For some reason, Helen hated cars. She was a feminist and environmentalist. So, the first act of the Scared Mechanics (ironically) was to make it impossible for automobiles to ever operate again. Other things still worked in the technical realm, talking toasters and AM Camels, but no Buick Regal ever started again. They still won't start; don't ask, because I don't know.

I forgot to spit out the red pill last night, Tim. I got the shakes about three in the morning and then I dreamed that God was an ant. He had on one of those red beetle helmets and he was huge and black. There was a long line of humans trying to get into Mount Heaven (an ethereal ant hill), but the ant saints were turning them away; only those born in the image of God could go to the great ant heap in the sky.

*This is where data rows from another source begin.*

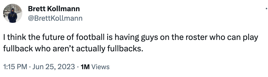 “The 2022 season was the first time in 17 years that fullback useage went up from the previous year in the NFL.”
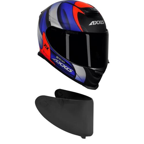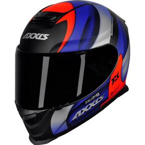 Capacete Axxis Eagle Tecno Matt Preto Vermelho Azul, Fechado Lente Anti Risco, Antiembaçante, Viseira Escura Fumê, Resistente, reforçada, motoboy, viagem, pista.
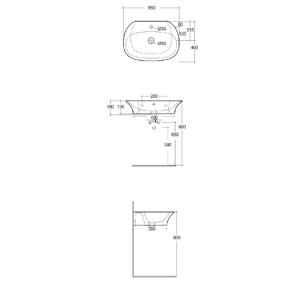 Lavabo suspendu moderne – Blanc brillant – 65 cm x 46 cm – 1 trou – RAK Sensation x Hudson Reed
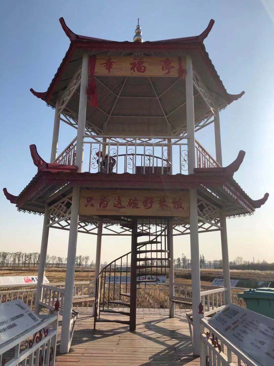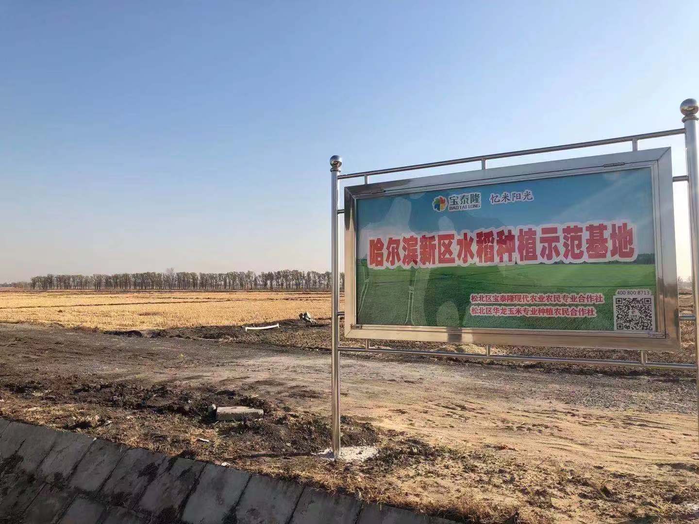 在來到另一處杏花村基地的路上,一個碩大的寫着「只為這碗好米飯的」的廣告牌矗立在已經收割完成的水稻基地旁,好像在印證這句話的真實性。到了杏花村基地,記者一下車就看到了寫有「哈爾濱新區水稻種植示範基地」的牌子,另一邊是寫着「我們是黑土地的守護者」的插畫,向遠處看一個寫着「只為這碗好米飯」的「幸福亭」屹立在一望無際的水稻田中間,別有風味。在記者眼裡已經很整齊劃一的稻田地,在李鳳蘭的眼裡卻還是不滿意,她說,「明年我還要弄得更加板正。」
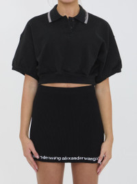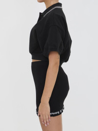Polo shirt made of compact black cotton jersey. It features a knitted collar with a contrasting logo, front button placket, short voluminous sleeves with ribbed edges, and a ribbed elasticated hem. Cropped cut and a regular fit. The model is 178 cm tall and is wearing a size S. Size nationality: INT Gender: Women Material: 100% COTTON Color: Black Made in: Imported Product ID: 7746133 4CC12612070 001 *Import tax/duty will be calculated at checkout (If applicable)
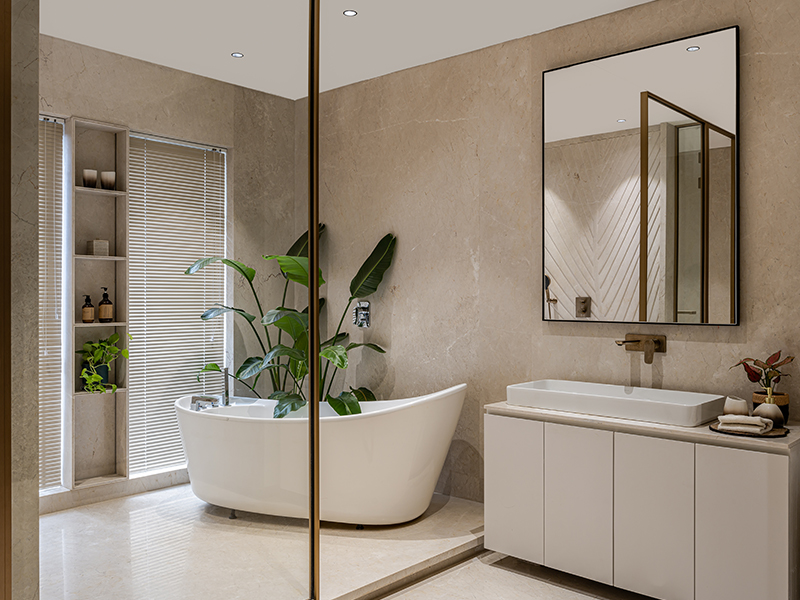 The master bath is yet another sun-speckled space that beautifully embraces the blend of functionality and aesthetics. Well ventilated and decked in local marble, this luxurious sanctuary features a free-standing angled tub and a wardrobe most would vie for. Indoor plants refresh this neutral-toned space, and a partition marble wall etched with palm leaves completes the tropical ambience.
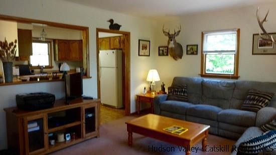 Easy as pie ! This cedar sided ranch house is easy to own . Main floor offers a large kitchen ,living room with cozy woodstove ,three bedrooms and a full bath . Large wraparound deck Full poured concrete basement with two finished rooms and a full bath , workshop and garage . Many recent updates include newer roof ,new windows and new heating system . Beautiful stonework and a glorious 8 1/2 acre parcel . Convenient to both Margaretville and Andes.
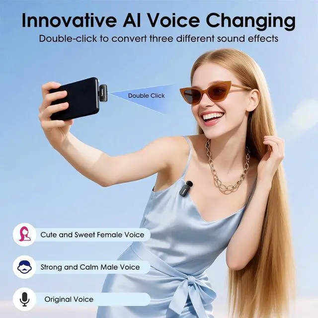 Innovative AI Voice Changing: The mini vlogging microphone supports 3 types of AI voice changing. Double-click on the receiver' s function key to convert, one blue flash is male voice, two flashesis female voice, three flashes is the original voice. You can enjoy a variety of tones, making recording more fun.
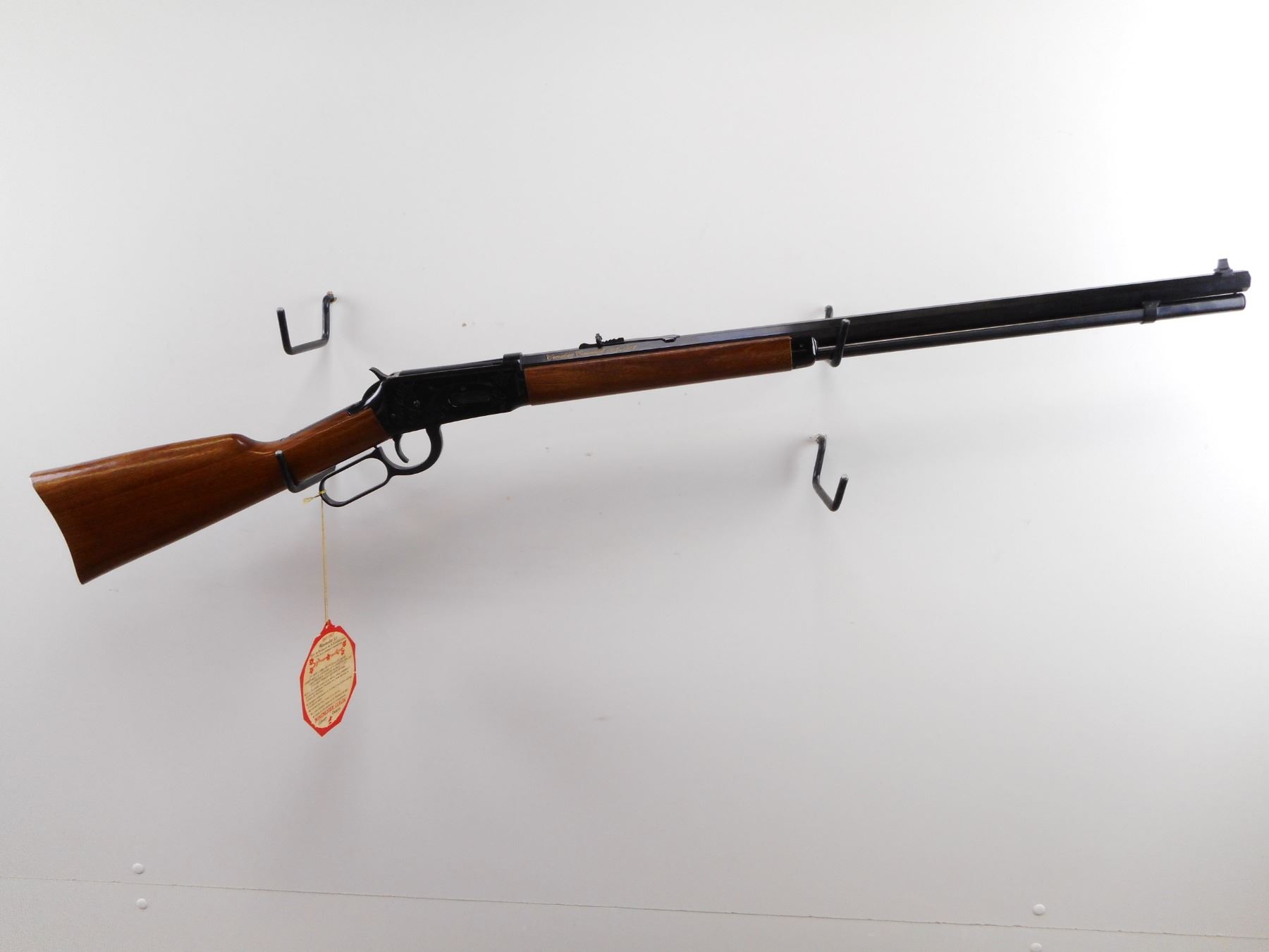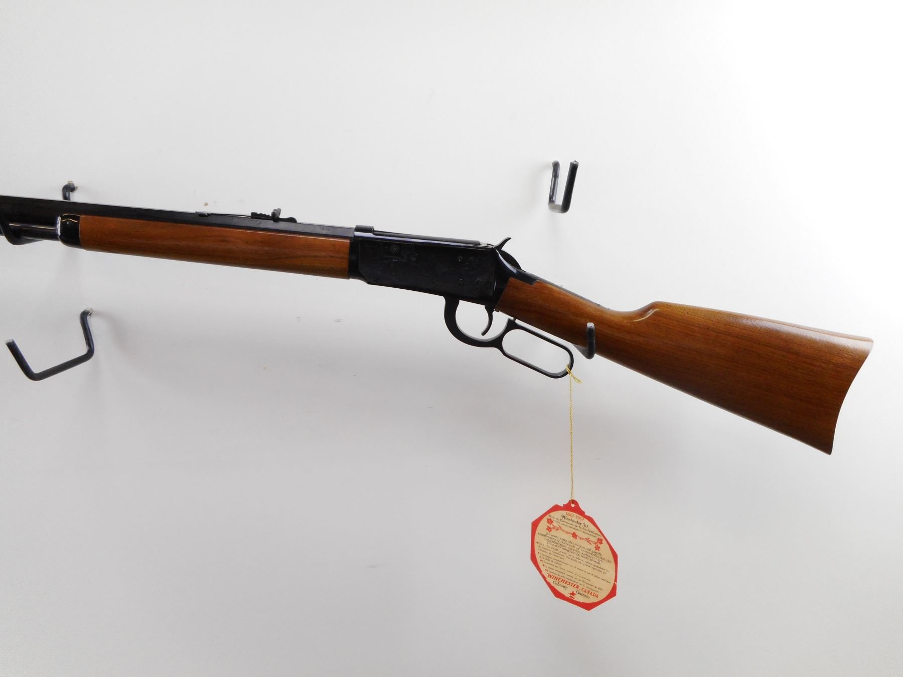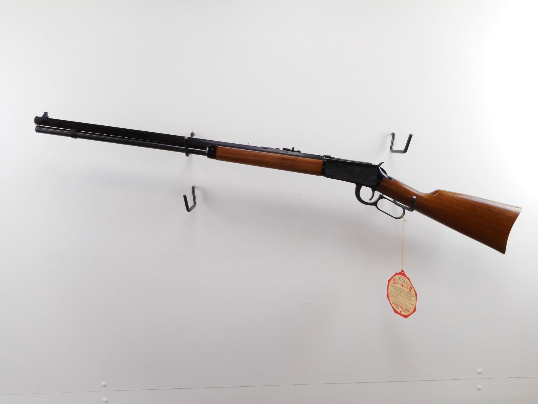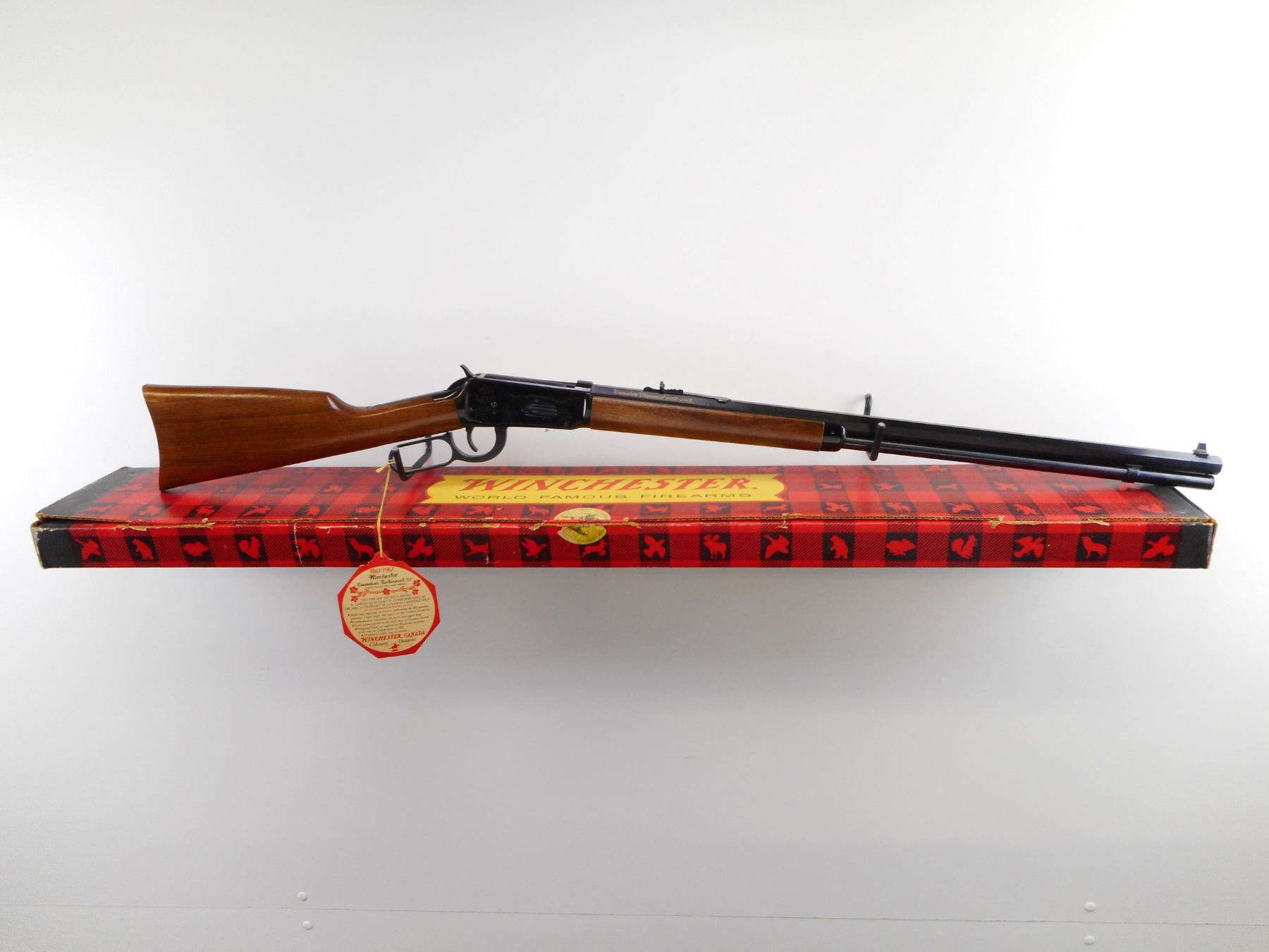 WINCHESTER , MODEL: CANADIAN CENTENNIAL COMMEMORATIVE , CALIBER: 30-30 WIN , AS NEW WITH ORIGINAL TAGS, AND CARDBOARD BOX. BORE IS EXCELLENT, APPEARS AS NEW, MAY HAVE BEEN TEST FIRED AT THE FACTORY. OCTAGONAL BARREL. BLADE FRONT SIGHT. ADJUSTABLE U NOTCH REAR SIGHT. POLISHED BLUED FINISH ON METAL PARTS. RECEIVER IS ENGRAVED WITH MAPLE LEAFS. TWO PIECE SMOOTH WOOD STOCKS. CURVED SMOOTH STEEL BUTT PLATE. SHOWS SLIGHT HANDLING MARKS. , SERIAL # 2694 , ACTION: LEVER ACTION RIFLE , BARREL LENGTH: 26" , CONDITION: 9+/10 , CLASS: CANADIAN NON RESTRICTED CLASS
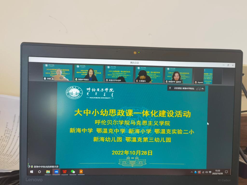 为推进大中小幼思政课一体化建设,强化思想政治教育人才培养的针对性、目标性和连续性,10月28日,十大买球外围买球的app十大平台、新海中学、鄂温克中学、新海小学、鄂温克实验二小、新海幼儿园和鄂温克第三幼儿园齐聚云端,共同举办大中小幼思政课一体化建设活动。
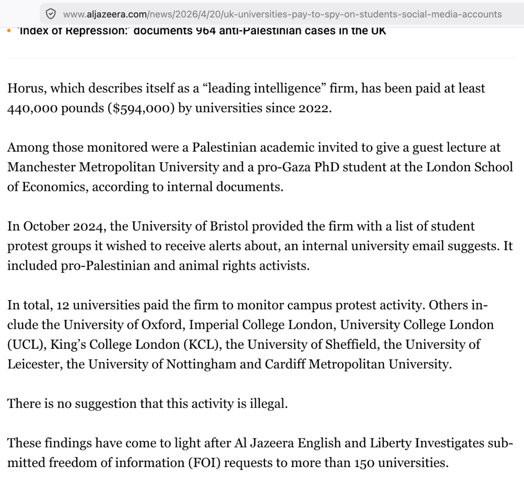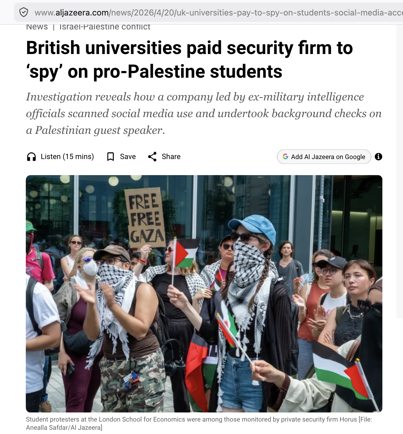 Learn more here: British universities paid security firm to ‘spy’ on pro-Palestine students. Investigation reveals how a company led by ex-military intelligence officials scanned social media use and undertook background checks on a Palestinian guest speaker: https://www.aljazeera.com/news/2026/4/20/uk-universities-pay-to-spy-on-students-social-media-accounts.
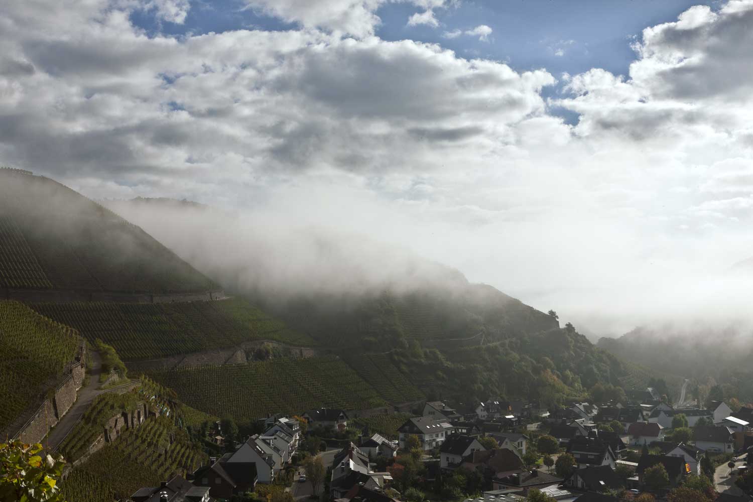 Auf der nur 561 Hektar großen Rebfläche des Ahr-Tals gibt es im wesentlichen zwei Bodentypen. Der westliche Teil wird von steilen, dunklen Schieferhängen dominiert. Die Landschaft wirkt spektakulär, jeder noch so kleine Winkel ist terrassiert. Kalte Luftströme aus der Eifel sorgen für starke Temperaturunterschiede zwischen Tag und Nacht.
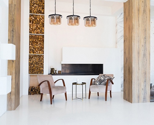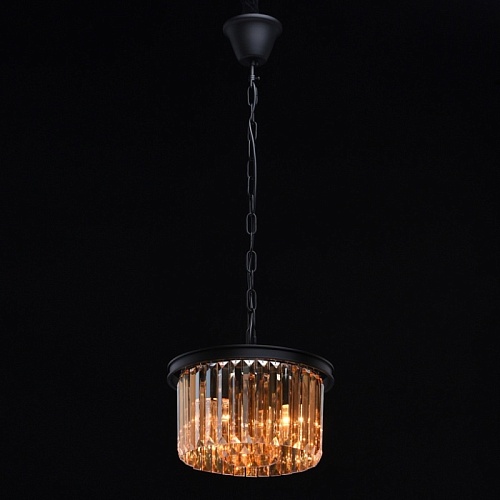 Основание выполнено из металла и окрашено в черный матовый цвет. Декоративные подвески из хрусталя прямоугольной формы, гальванизированного в цвет топаза.
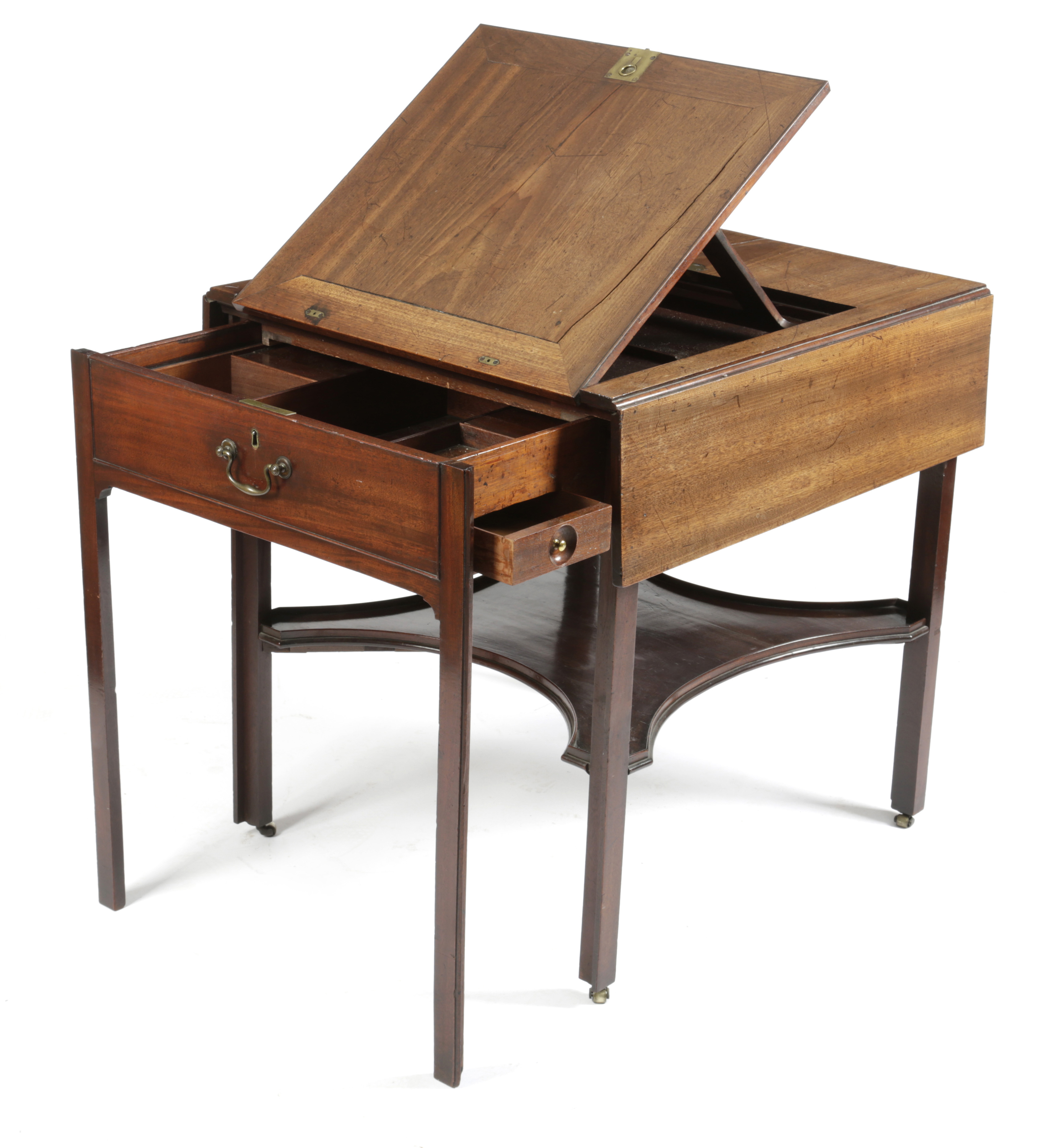 the drop-leaf top with a hinged slope on a ratchet with a removeable rest, the frieze drawer revealing hinged compartments, divisions, pen and ink drawer and candleslides, with a shaped undertier and brass roller castors
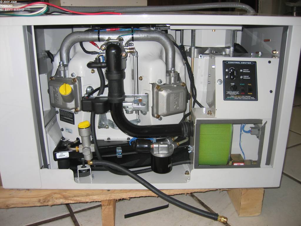 | This photo shows the generator as it arrived. The service panel is off. The V-twin engine is to the left. Note that it is completely enclosed in sound damping metal. |
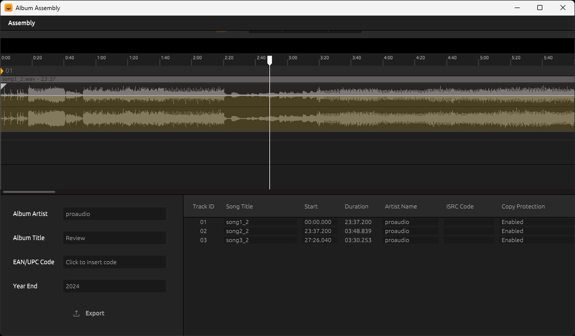 Auf der rechten Seite gibt es auch Bargrafmeter für die Aussteuerung sowie Ausgaben der Lautheitsparameter. Hier lassen sich verschiedene Vorgaben und Standards auswählen. Auf der linken Seite lassen sich Presets abrufen. Es lassen sich in einem Projekt für ein Album mehrere Titel laden. Über einen Editor (Waveform) lässt sich auch ein komplettes Album für eine CD-Pressung zusammenstellen inklusive ISRC-Codes (s. Abb. unten).
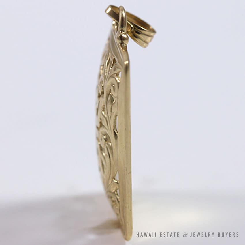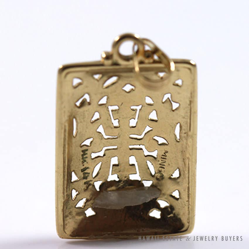 DescriptionBRAND: MING’S HAWAII (singed, authentic)STAMPED: 14KWEIGHT: 3.7gSKU 1908-02$650.00Out of stockSKU: 1908-02Category: Pre-owned Ming's JewelryTags: chinese character, hawaii mings, ming's, ming's hawaii, PENDANT, vintage ming's, yellow gold yellow gold pendantRelated StylesMing’s Lavender Jade & Pearl Ring$3,600.00Ming’s Hawaii Oval Carved Flower Large Jade 14K Yellow Gold Ring$2,300.00Ming’s Hawaii Green Jade 14K Yellow Gold Hinged Bangle$7,480.00Ming’s Hawaii Jade & Pearl 14K Brooch$1,690.00

Humans were too insignificant and stupid to get into Mount Heaven.
It does make sense. Ants were the chosen creatures, the peace keepers of the planet, the end result of eons of evolution, the top of the food chain. Human beings were asocial, violent, anti-creative insects that had their turn as the chosen ones. They blew it badly, and so God turned into an ant. That's what the ants said. God created them in his own image and loved them and gave them eternal ant existence. The rest of the universal creatures, well, to hell with those sub ant types. God didn't give a rat's ass about human insects.
So maybe I don't have to live forever. Maybe I'll go where squashed ants used to go when God was a human male.

I'm looking at the puzzle pieces on the table. Somehow this confusion must add up to a whole picture. Here's what we know:
God likes to play Monopoly.
Light creates space, time, and solid objects like Pepsi cans.
The world is full of things that alter our consciousness: red pills; soma water; Mann Glasses; cigarettes; coffee; sex hormones; silence; death ...
God left seven commandments; a Holy List of Rules to guide our lives.
The first thing God wants is for us to be quiet.
Ants are God's chosen creatures; they were created in His image.
God killed my brother.
Sadaya of Sumeria claims to be my Holy Attorney.
His sister Sybil is the most beautiful creature ever created by God.
The smartest humans to ever exist were Maxwell, Madeline, and Sydney Gofigure.
God was shot in the head when the S-Bomb went off.
God is now confused and acting erratically.
Time does not know if it is now or later or some combination.
Space is the universal joint, it is everywhere all the time, like Heaven.
Eternity can kill you if you stare at it, but you can never make eternity die.
God wears a red helmet (maybe for seizures).
I go over and over the puzzle, shifting the pieces, talking to myself, all the while the videoscreen is flashing the message "Shut the Fuck Up!"
I think I'll grab on to a nurse's ass like vice grips on a silk pillow, and never let go.
Opps! Time for my enema. I need to talk to a nurse. Listen assholes! I need a fucking nurse in here right now!

Oh, and I forgot to mention, just to make matters totally worse, I passed the Sacred Parking Lot this morning and Dallas is gone. Something must be horribly wrong; AM Camels are programmed to stand by their families to the death.